Background Correction Help

Hi guys,

I’m trying to create an automated CellProfiler pipeline that can successfully identify, segment, and count cells. I have been struggling to get a pipeline and set of parameters that works consistently, which I believe is due to background variation between images. I have tried illumination correction, enhancing speckles, closing, and a median filter. Here is the pipeline for reference: Method_2.cppipe (37.3 KB).

This works decently for images that have a darker background:

Original image: RAT1_VMS2R_RESULTS_CH3.tiff (675.3 KB)

But when there is a lighter background, the brighter background regions are recognized as objects as well:

Original image: RAT1_VMS2R_RESULTS_CH2.tiff (675.3 KB)

Across my image set, there are both kinds of backgrounds. I was hoping to devise a pipeline that could work consistently for both. Any advice for anything more I can do to correct for this? If not, do you have any suggestions for other software that might be able to handle this better?

Thank you!

In your pipeline you have ColorToGray module, but the images attached here are separated channels! I’m assuming you are feeding a color image to the pipeline which is not attached here.

What’s the goal of IdentifyObjectsManually, what is an ROI? How large should it be?
Are you trying to detect the same object in CH2 and CH3?
Could you annotate an image and let us know what you are trying to detect in each channel?

In general, you may need to choose a different Thresholding strategy in your IPOs depend on what you are trying to detect.

Here are some of the recent video tutorials about segmentation.

Hi Nasim,

Yes, my bad! All my original images are RGB (Sample: RAT1_VMS2R_RESULTS.TIF). The IdentifyObjectsManually module and subsequent mask modules allow me to specify a hand-drawn region of interest (ROI) and apply it to each channel image. It usually encompasses about a third of the image.

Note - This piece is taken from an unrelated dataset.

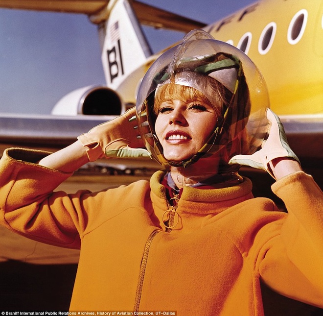 Một nữ tiếp viên của hãng Braniff Airways đội chiếc mũ bảo hiểm lấy cảm hứng từ nhà du hành vũ trụ. Đây là thiết kế của Emilio Pucci năm 1965.

In CH2 and CH3, I am trying to identify neurons stained with CTb bound to either a green or red fluorescent dye, respectively. The stain should accumulate in the cytoplasm, and not the nucleus, so the objects I am trying to identify are generally elliptical with little donut holes in them.

Here is an example of an already isolated channel image in grayscale (green CTb stain):
RAT1_VMS2R_RESULTS_CH2.tiff (675.3 KB)

And here is a manual identification of the same image, with a region of interest already isolated, to show some of the cellular objects I would like identified:

I have tried the Otsu thresholding method as well and it generally produced pretty similar results. Do you have a recommendation for a certain thresholding method?

Thank you for your response, as well as the tutorials link!

Yeah, that’s challenging! The problem is that some parts of your image has higher pixel intensities than the objects you’re interested in CH2.

I think you could try ImageMath module and if there are overlaps between CH2 and CH3/4 try to subtract the channels or use other operation on the image to see if you could reduce the background.
Alternatively, you could try ilastik, pixel based classifier to detect the regions you’re interested in and bring the mask to CP and then mask your image, detect the areas and make tons of measurement. There was a ilastik tutorial on our youtube channel.